Thursday, February 23, 2006

The Idea of Travel

I like the idea of travel. I actually love the idea of travel. Yet this last week in Costa Rica has forced me to ask if I actually like travel itself or just some pseudo-Platonic idea of travel. In reality travel is often uncomfortable.

Talk to anyone who travels regularly for business and you typically get a long list of travel woes (the pessimists) or a short list of strategies to minimize discomfort (the optimists). Those in this second category (the optimists) will suggest tips for packing light and tactics to help on long plane flights (neck pillows, how to score an exit row, an IPOD, or a stiff drink). They will advise on ways protect your passport and make sure your purse isn’t snatched. They will tell you of a great place to eat and whether you can safely drink the water in such-and-such a spot. These are the optimists. Everyone else simply shudders and gives you a look that clearly communicates something like: “I hope your will is up-to-date and your medical insurance pays for a medivac chopper in Ecuador.”

As an actual traveler, I find myself schizophrenic. I’m unbearably optimistic in the planning stage, and utterly certain the night before departure that I will die on this trip. On that last night I ponder at length the story of a rabbi who everyday would tearfully bid farewell to his children and wife before leaving for the kosher slaughter house. He did this each day because he was convinced that he would do something wrong during the day and God would strike him down.
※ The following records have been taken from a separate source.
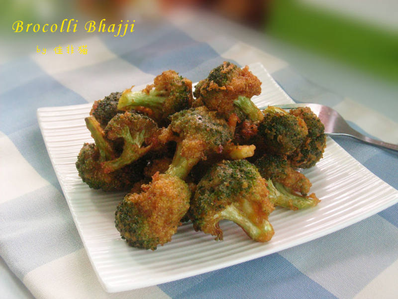 5:锅中加油烧热,入裹满面糊的西兰花,先大火稍炸一会儿,再转小火炸至金黄;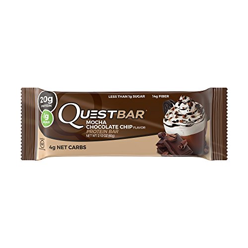 Quest Nutrition Protein Bar, Mocha Chocolate Chip, 20g Protein, 4g Net Carbs, 180 Cals, High Protein Bars, Low Carb Bars, Gluten Free, Soy Free, 2.1 oz Bar, 12 Count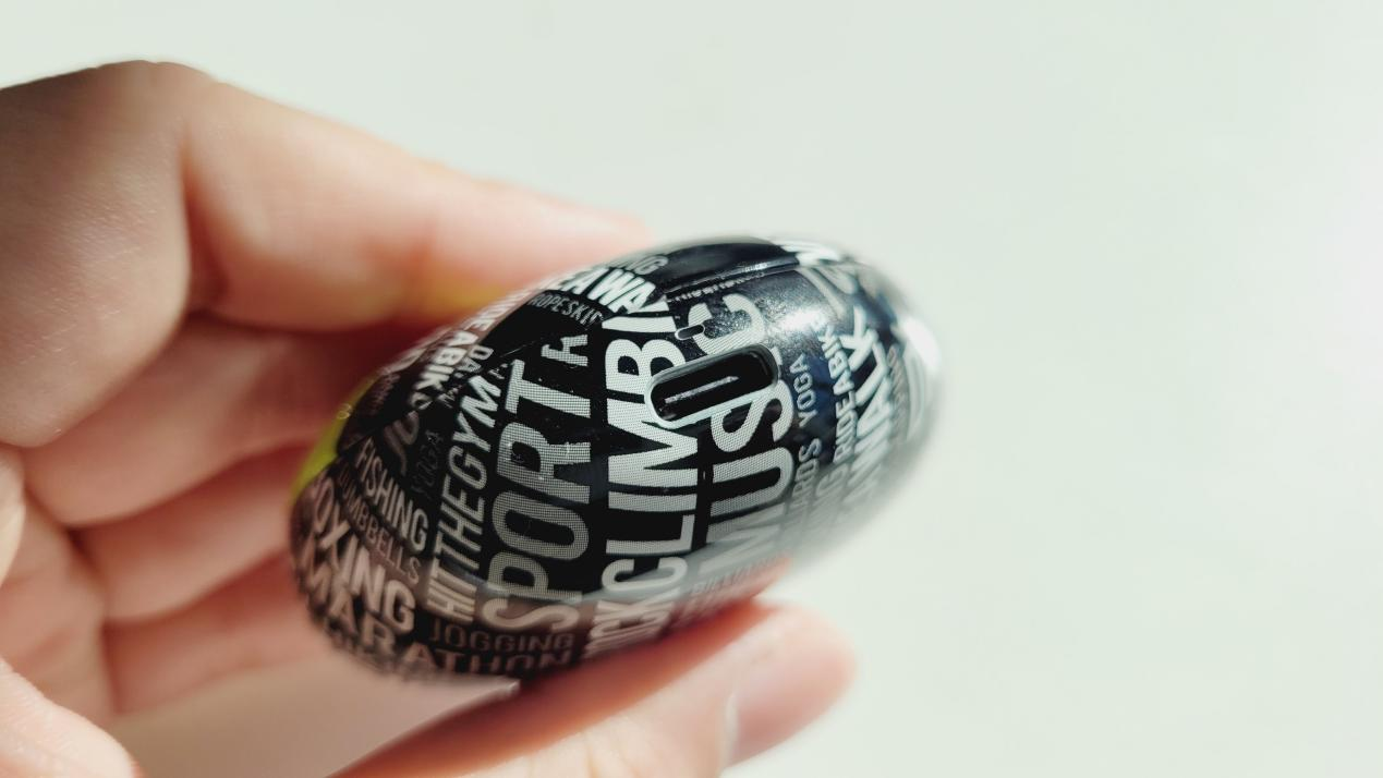 耳机仓外壳摸起来冰冰凉凉的,应该是喷漆的铁盒,整体的重量约64g,整体非常的轻巧,再加上耳机圆滚滚的鹅卵石造型,握在手里非常的舒适。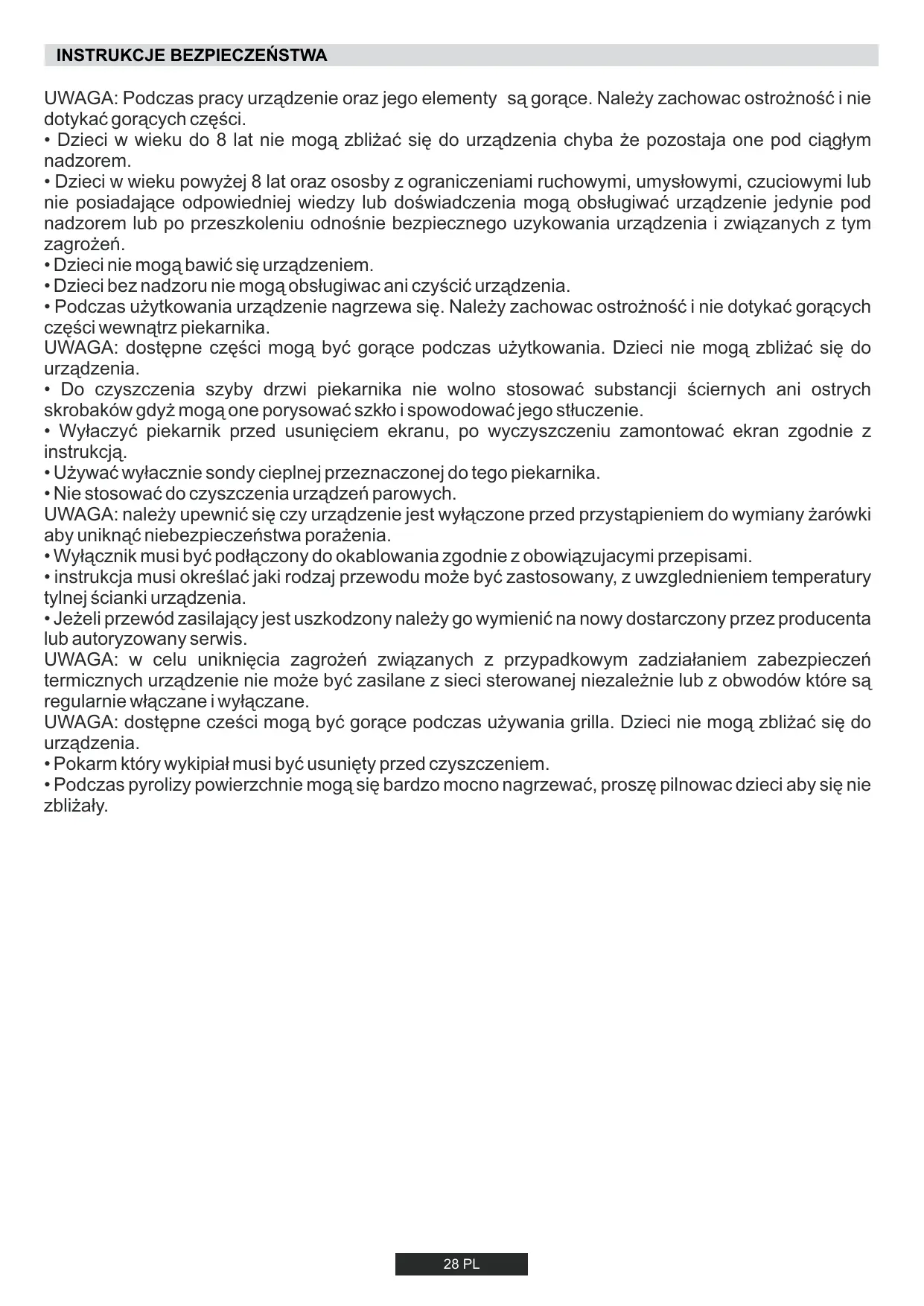 - Podczas pyrolizy powierzchnie mogą się bardzo mocno nagrzewać, proszę pilnowac dzieci aby się nie zbliżały. 28 PL

I don’t like the rabbi’s the view of God, but I understand it because in large part it remains mine. My default view of God is one that easily accepts God as in possession of unlimited power… so far so good. Scripture supports a stunning affirmation of God as all powerful. Yet like the rabbi I tend to fear that God’s exercise of power will be capricious and potentially vindictive.

And for some reason travel stirs up my existential fears. Out of the routine of work and home I find myself even less certain of God’s goodness and care for me and others. I do forget my fear in moments of delight: as I taste new foods (fried plantains with black bean puree and guacamole), peek over the rim of a volcano (Irazu with its bubbling and florescent green sulfur water), or spend time with gracious and caring people (men like our Costa Rican bus driver Walter). Yet if I’m honest there is discomfort even on the most successful of trips.

I’d like that to make more attentive rather than fearful… more open rather than sour… and use those moments unease to remind me that life this side of eternity all is travel.